+++ RECORDS FOR PROCESSING +++

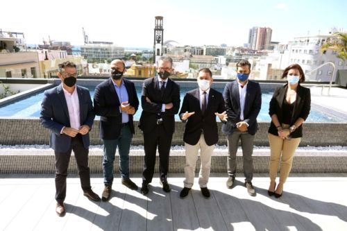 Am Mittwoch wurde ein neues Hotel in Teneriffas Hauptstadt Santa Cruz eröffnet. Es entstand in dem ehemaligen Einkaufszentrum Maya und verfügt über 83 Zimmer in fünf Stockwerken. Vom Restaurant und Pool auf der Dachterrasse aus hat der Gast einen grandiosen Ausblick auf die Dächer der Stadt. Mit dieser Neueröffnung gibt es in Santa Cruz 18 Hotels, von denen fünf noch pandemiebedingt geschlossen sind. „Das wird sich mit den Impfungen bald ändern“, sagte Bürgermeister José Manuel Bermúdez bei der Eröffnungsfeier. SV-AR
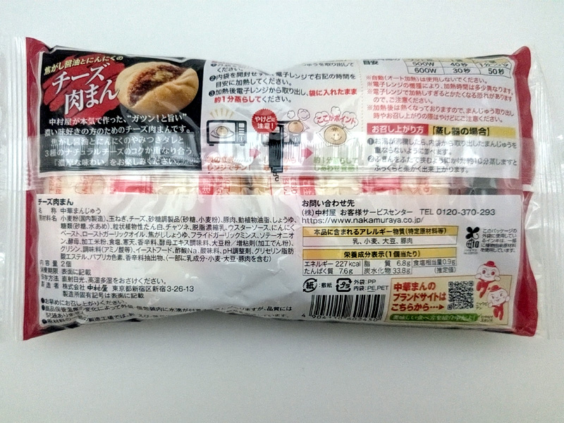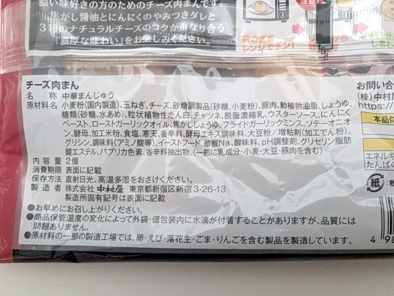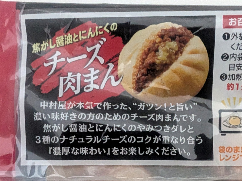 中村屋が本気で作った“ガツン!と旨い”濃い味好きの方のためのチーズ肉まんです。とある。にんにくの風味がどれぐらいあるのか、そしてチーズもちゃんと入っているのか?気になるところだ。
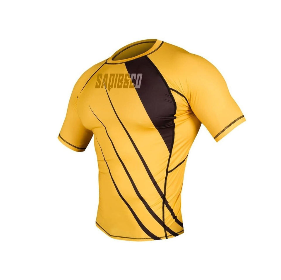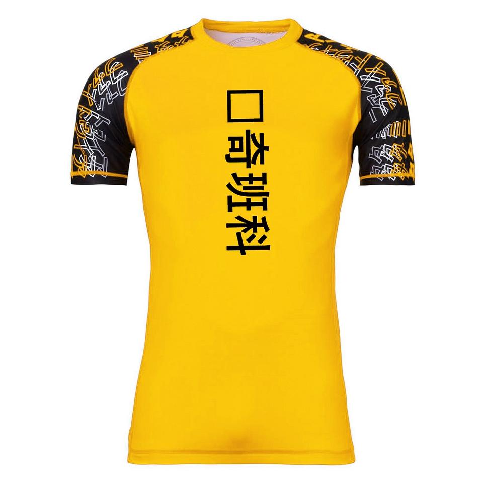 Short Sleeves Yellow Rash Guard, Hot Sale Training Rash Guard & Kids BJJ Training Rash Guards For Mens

+++
+++ RECORDS FOR PROCESSING +++

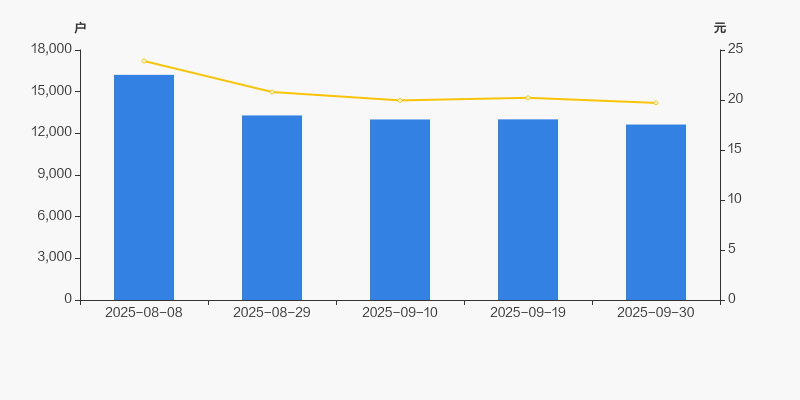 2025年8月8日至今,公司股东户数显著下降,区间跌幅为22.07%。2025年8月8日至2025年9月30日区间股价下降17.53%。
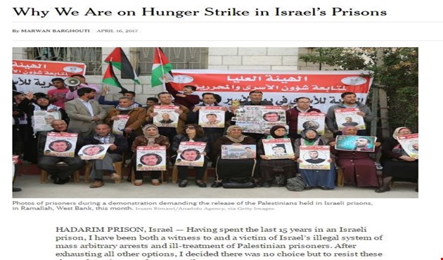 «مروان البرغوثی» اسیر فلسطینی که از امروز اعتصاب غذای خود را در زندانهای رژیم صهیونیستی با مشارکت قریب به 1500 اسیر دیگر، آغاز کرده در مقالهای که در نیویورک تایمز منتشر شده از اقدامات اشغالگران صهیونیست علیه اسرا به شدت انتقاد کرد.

+++

• _TRY IT_:
Give back exactly the lines above from the one with "Am Mittwoch wurde" through the one with "Short Sleeves Yellow", both included. Pictures don't belong in the copy.

• _SOLUTION BELOW_:
 Am Mittwoch wurde ein neues Hotel in Teneriffas Hauptstadt Santa Cruz eröffnet. Es entstand in dem ehemaligen Einkaufszentrum Maya und verfügt über 83 Zimmer in fünf Stockwerken. Vom Restaurant und Pool auf der Dachterrasse aus hat der Gast einen grandiosen Ausblick auf die Dächer der Stadt. Mit dieser Neueröffnung gibt es in Santa Cruz 18 Hotels, von denen fünf noch pandemiebedingt geschlossen sind. „Das wird sich mit den Impfungen bald ändern“, sagte Bürgermeister José Manuel Bermúdez bei der Eröffnungsfeier. SV-AR
 中村屋が本気で作った“ガツン!と旨い”濃い味好きの方のためのチーズ肉まんです。とある。にんにくの風味がどれぐらいあるのか、そしてチーズもちゃんと入っているのか?気になるところだ。
 Short Sleeves Yellow Rash Guard, Hot Sale Training Rash Guard & Kids BJJ Training Rash Guards For Mens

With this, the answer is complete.